**GIVEN DATA:**
■ ■ ■

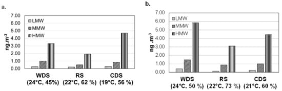 Overall, average atmospheric concentrations of total PAHs were similar between both sites but showed seasonal variation, with the highest environmental levels during the dry seasons and the lowest in the rainy season (Figure 3), similar to a report from Mexico City []. Increases in PAH atmospheric concentrations during the cold-dry season may be attributed to lower environmental temperatures, resulting in a stronger tendency of PAH to bond to particles. Also, lower photochemical activity can lead to fewer atmospheric chemical reactions and higher ambient PAH levels, whereas a decrease in the concentrations of these compounds over the rainy season may be mainly attributed to wet deposition. Seasonal trends in Centro are consistent with those atmospheric parameters; the highest levels were found during the coldest season and the lowest were in accordance with rainfall increases and the highest temperatures. Unlike Centro, the median during the dry-warm season for Miravalle was found to be significantly higher (p < 0.05) than that in the cold-dry season (Figure 3b). It was observed that concentrations of HMW PAHs in Miravalle during the dry-warm period were about two times those found in Centro (Figure 3a). Since meteorological conditions such as temperature and relative humidity are similar (Figure 3) at both sites (p > 0.05), the different patterns in Miravalle could be mainly attributed to a substantial contribution of vehicular activity to PM2.5 by local traffic due to the major PAHs in HMW such as IcdP and BghiP, which are indicators of fossil fuel combustion. In comparison with Centro (3.38 m/s), the lower wind speed (2.57 m/s) recorded for Miravalle could favor less dispersion of air pollutants in the warm-dry season.
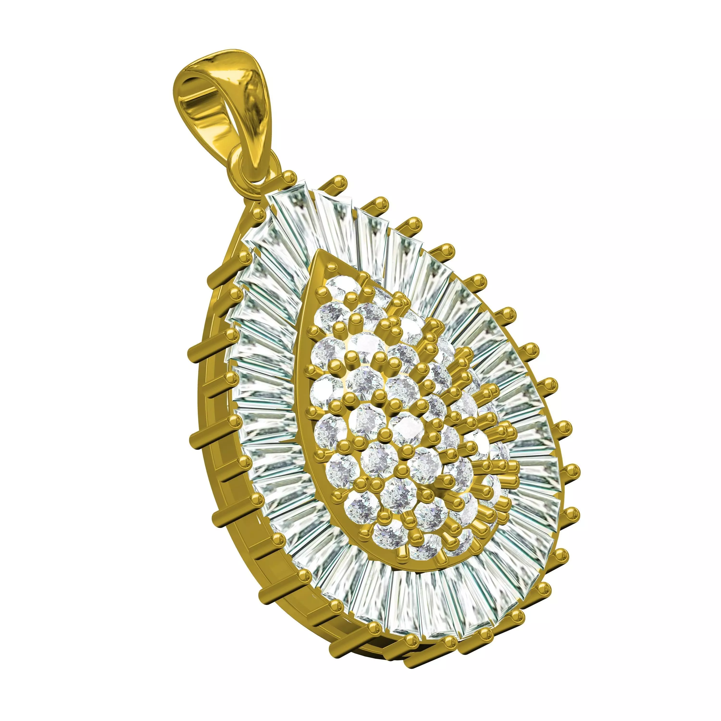 Round Diamond Baguette Halo Drop Shaped Pendant
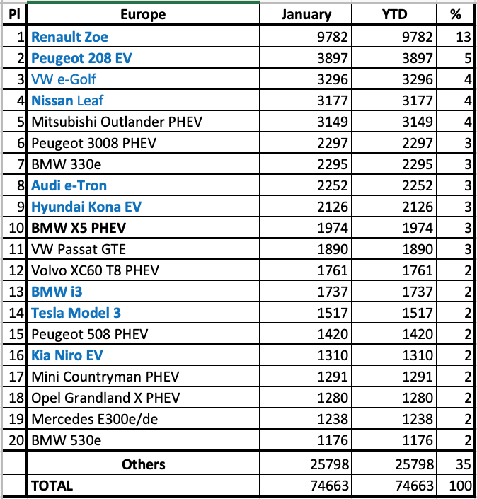 EV Sales Blog tarafından yapılan pazar araştırmasına göre Avrupa’da 2020 Ocak ayında 74.663 hibrit ya da elektrikli araç satılmış. Geçtiğimiz yıla kıyasla %121 büyüme gerçekleşirken, 2015’den bu yana elektrikli veya hibrit araç satışlarında ilk kez üç haneli rakam görüldü.

■ ■ ■

**THE PROBLEM:** Transcribe exactly, and only, the lines from the one with "Round Diamond Baguette" through the final line of the data above. The pictures stay out.

**ANSWER FOR THIS EXERCISE:**
 Round Diamond Baguette Halo Drop Shaped Pendant
 EV Sales Blog tarafından yapılan pazar araştırmasına göre Avrupa’da 2020 Ocak ayında 74.663 hibrit ya da elektrikli araç satılmış. Geçtiğimiz yıla kıyasla %121 büyüme gerçekleşirken, 2015’den bu yana elektrikli veya hibrit araç satışlarında ilk kez üç haneli rakam görüldü.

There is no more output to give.